Apple's rapid growth in China may have just hit a speed bump: The Wall Street Journal reported Sunday that state-run China Central Television has branded the iPhone a "national security concern," criticizing the way Cupertino's smartphone collects and stores "frequent location" data, which researchers claim could be used to "gain knowledge of China's economic situation or 'even state secrets.'" Apple quickly rebuffed such claims by touting how location data is encrypted and stored locally on the device, but the report comes at a crucial time as iPhone sales in China are rising — currently six percent compared to rival Samsung's 17.8 percent share.

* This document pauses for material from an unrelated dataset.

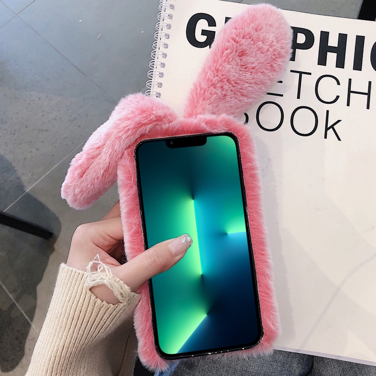 Funda para Teléfono iPhone 13 Pro Max Cobertura Total Conejo Orejas Largas 3D (Rosa)
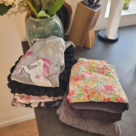 pige tøjpakke i str. 116 i multifarvede nuancer. Pakken består af blandet børnetøj til pige, herunder overdele, underdele og fodtøj, som på billederne. Tøjet er i forskellige farver og mønstre og egner sig til hverdag og fritid for et barn, der bruger størrelse 116.

Nothing is worse that needing to share a large file with a client or co-worker and having to wait for the upload to finish before it can be downloaded at the receiving end. That's why Dropbox announced Friday a new initiative called "streaming sync," offering "improved multi-client sync time for large files" the cloud storage provider claims will be 1.25x to 2x faster than the current method. Streaming sync works with any file 16MB or larger and requires the latest version of the Dropbox desktop client, while the new feature will be rolling out gradually over the next couple of weeks to users.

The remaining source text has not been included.